Il n’est pas nécessaire que les quatre critères soient remplis [Canada (Procureur général) c Hennelly, 1999 ACF 846; Canada (Procureur général) c Larkman, 2012 CAF 204, et tout récemment, Thompson c Attorney General of Canada et al, 2018 CAF 212].

[27] Dans l’arrêt Canada (Procureur général) c Larkman, 2012 CAF 204 (Larkman), la Cour d’appel fédérale énumère les facteurs ci‑dessus et examine leur interdépendance :

[62] Ces principes orientent la Cour et l’aident à déterminer si l’octroi d’une prorogation de délai est dans l’intérêt de la justice (Grewal, ci‑dessus, aux pages 277 et 278). L’importance de chacun de ces facteurs dépend des circonstances de l’espèce. De plus, il n’est pas nécessaire de répondre aux quatre questions en faveur du requérant. Ainsi, « une explication parfaitement convaincante justifiant le retard peut entraîner une réponse positive même si les arguments appuyant la contestation du jugement paraissent faibles et, de la même façon, une très bonne cause peut contrebalancer une justification du retard moins convaincante » (Grewal, à la page 282). Dans certains cas, surtout dans ceux qui sortent de l’ordinaire, d’autres questions peuvent s’avérer pertinentes. La considération primordiale est celle de savoir si l’octroi d’une prorogation de délai serait dans l’intérêt de la justice (voir, de façon générale, l’arrêt 282, aux pages 278 et 279; Canada (Ministre du Développement des ressources humaines) c. Hogervorst, 2007 CAF 41, au paragraphe 33; Huard c. Canada (Procureur général), 2007 CF 195, 89 Admin LR (4th) 1).

III – Analyse

[13] Les facteurs énoncés au paragraphe 3 de l’arrêt Canada (Procureur général) c Hennelly, 1999 CanLII 8190 (CAF), [1999] ACF no 846, sont les facteurs d’intérêt dans la présente requête. Je les examinerai tour à tour à la lumière de la preuve contenue dans le dossier de requête dont je suis saisi.

[14] La preuve à l’appui de la présente requête est constituée de l’affidavit de 13 paragraphes du demandeur et d’une seule pièce. Cette dernière est la Page de renseignements relatifs au certificat d’Aide juridique Ontario sur laquelle sont énumérées les six (6) différentes mesures et décisions prises par Aide juridique Ontario, ainsi que la date de chacune, concernant l’admissibilité du demandeur à une aide financière pour payer les services juridiques liés à la préparation de sa demande d’autorisation et de contrôle judiciaire. Sur cette page de renseignements, il est indiqué qu’Aide juridique Ontario a décidé, le 21 novembre 2022, d’accorder une aide financière limitée au demandeur pour la préparation de sa demande d’autorisation et de contrôle judiciaire. Les dernières mesures consignées, autres que la décision finale, en lien avec les demandes présentées par le demandeur à Aide juridique Ontario, comme l’indique la pièce, sont datées du 16 août 2022. Aucune entrée n’a été consignée durant la période du 16 août 2022 au 21 novembre 2022.

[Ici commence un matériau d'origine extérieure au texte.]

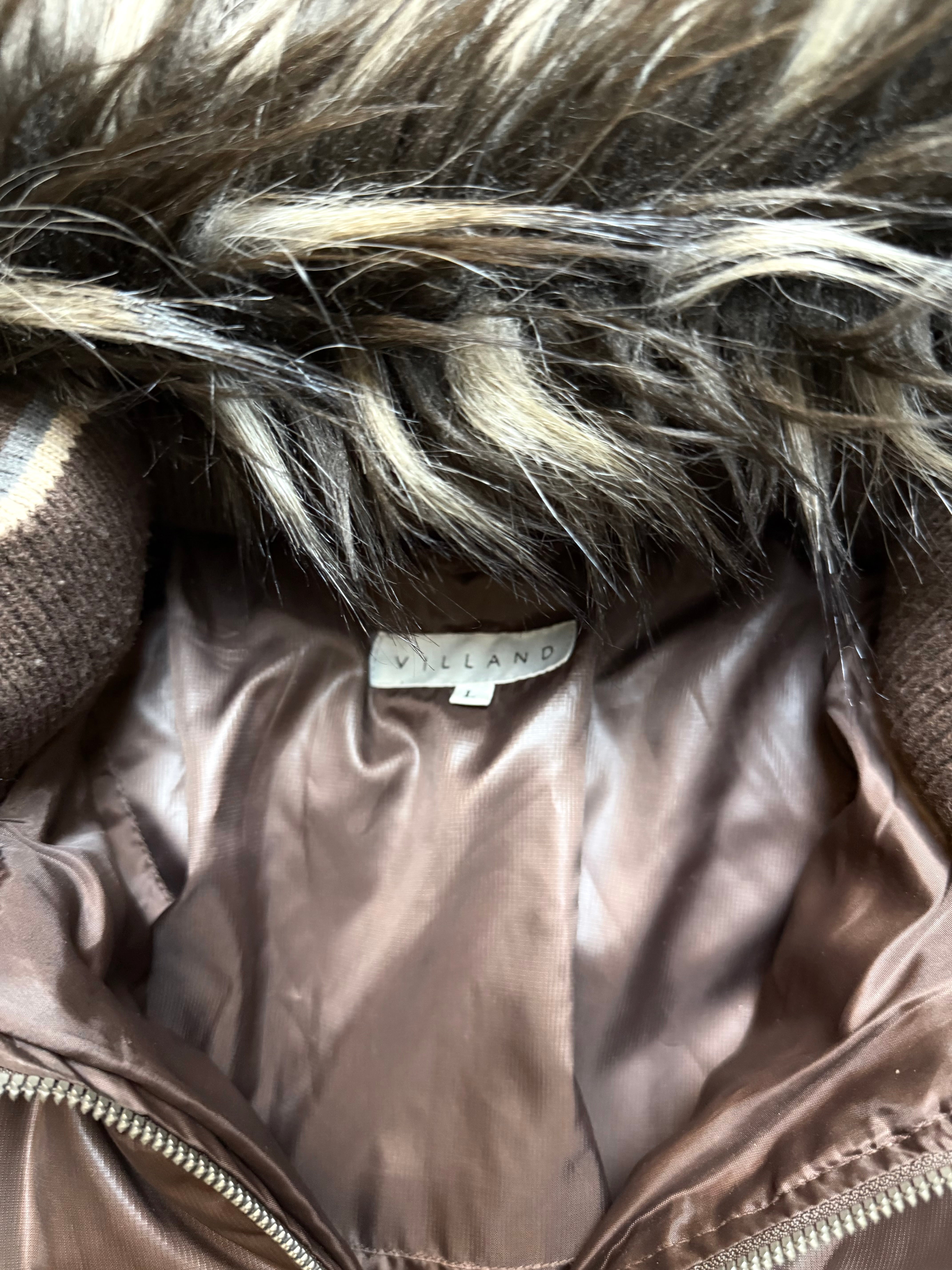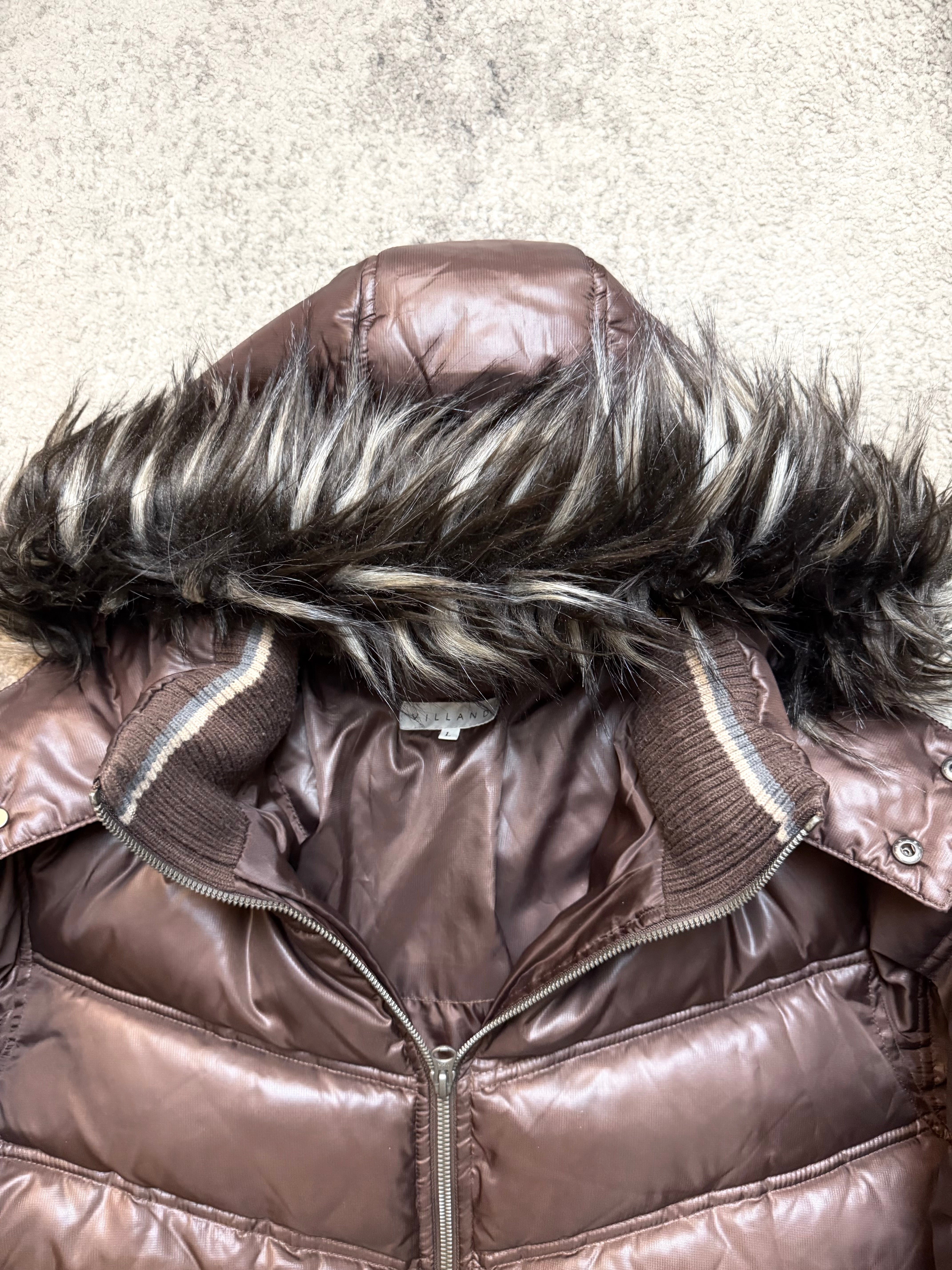 Lightweight synthetic shell with a subtle metallic sheen, padded for real warmth. Inner lining soft and comfortable. Faux-fur hood trim adds volume and attitude.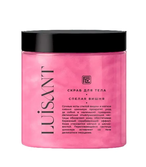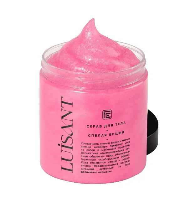 Сочные ноты спелой вишни и мягкое сияние шиммера превратят уход за собой в маленький праздник. Деликатные отшелушивающие частицы обновляют кожу, обеспечивая бережный скрабирующий эффект. Кожа становится мягкой и шелковистой. Переливающиеся частицы шиммера оставляют на теле деликатное мерцание.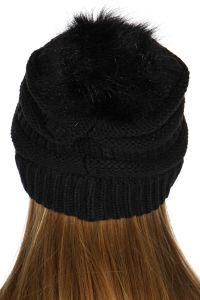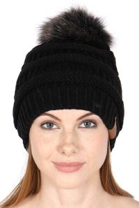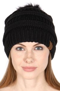 V00 C.C Classic Matching Fur Pom knit beanie Hat, Black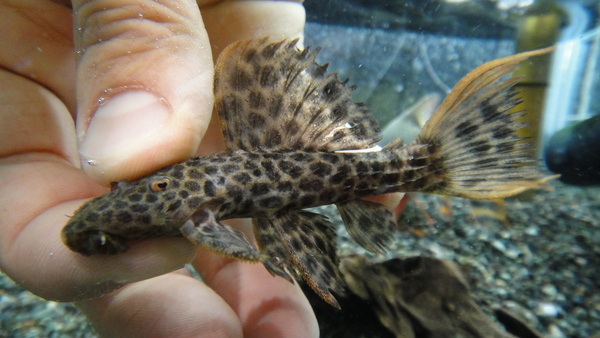 普通のオレンジフィンレオパードトリムなのでソリッドテールとかではありませんが、体側のヒョウ柄模様とかヒレの条のオレンジとかがキレイですね!トリムプレコの中でも成長の良い種類なので大きくしやすいですし、丈夫で飼い易いです!値段は高くなりますが、ブランコ産のスーパーオレンジフィンレオパードトリムも在庫ございますのでお好きな方をどうぞ!中段左の画像です。

[15] Le demandeur déclare que la date limite pour signifier et déposer son dossier de demande dans la présente instance était le 25 novembre 2022. Il ajoute qu’Aide juridique Ontario a décidé de lui accorder une aide financière pour qu’il puisse payer les services juridiques liés à la préparation de sa demande le 22 novembre 2022. Bien que la preuve relative à la présente requête comporte certaines incohérences, la distinction entre le 21 et le 22 novembre 2022 n’a aucune incidence en l’espèce.

[16] Dans son affidavit, le demandeur allègue que [traduction] « [l]e retard dans le traitement de la demande d’aide financière a nui à la capacité de l’avocat à mettre en état le dossier de la demande dans les délais prescrits par les Règles. Je sais toutefois que l’avocat a continué à préparer le mémoire et le dossier de demande, qui ont été achevés le 15 décembre 2022. » Selon le demandeur, le retard dans la mise en état de la demande est principalement attribuable au retard dans l’obtention de l’aide financière d’Aide juridique Ontario.

[17] Le reste de l’affidavit du demandeur contient des énoncés d’une seule phrase indiquant qu’il a fait preuve de diligence dans le suivi auprès d’Aide juridique Ontario, qu’il souhaite que sa demande soit instruite promptement, que la prorogation du délai demandée ne causera aucun préjudice au défendeur et que sa cause est fondée. Ces énoncés d’une seule phrase sont de simples déclarations générales qui ne sont étayées par aucune preuve.

a) Premier facteur énoncé dans l’arrêt Hennelly : Une intention constante

[18] Il est difficile d’établir, au vu de la preuve dont je dispose, l’intention constante du demandeur de poursuivre sa demande. Selon l’affidavit, l’avocat du demandeur a travaillé à préparer le dossier de demande de ce dernier jusqu’à ce qu’il soit achevé, le 15 décembre 2022, mais rien dans la preuve n’indique à quel moment le demandeur a retenu les services de l’avocat ni à quel moment le demandeur a remis à l’avocat les documents nécessaires à la préparation du dossier de demande. La preuve n’indique également pas ce que le demandeur a fait pour préparer son dossier de demande entre la date à laquelle la demande d’autorisation et de contrôle judiciaire a été présentée à la fin du mois d’août 2022 et le 15 décembre 2022, date à laquelle l’avocat a achevé le dossier de demande, si ce n’est qu’il a fait un suivi auprès d’Aide juridique Ontario en lien avec sa demande d’aide financière. Je fais observer que le demandeur n’a produit aucune pièce pour établir à quel moment ou de quelle façon il fait le suivi de sa demande d’aide financière auprès d’Aide juridique Ontario, ou pour démontrer qu’il avait, lors de ces suivis, mentionné que la date limite pour la signification et le dépôt de son dossier de demande approchait à grands pas. Étant donné que le dossier de demande du demandeur n’a pas été déposé en tant que pièce à l’appui de la présente requête, il est impossible d’établir à quel moment le demandeur a achevé la rédaction de son affidavit à l’appui de sa demande, le cas échéant.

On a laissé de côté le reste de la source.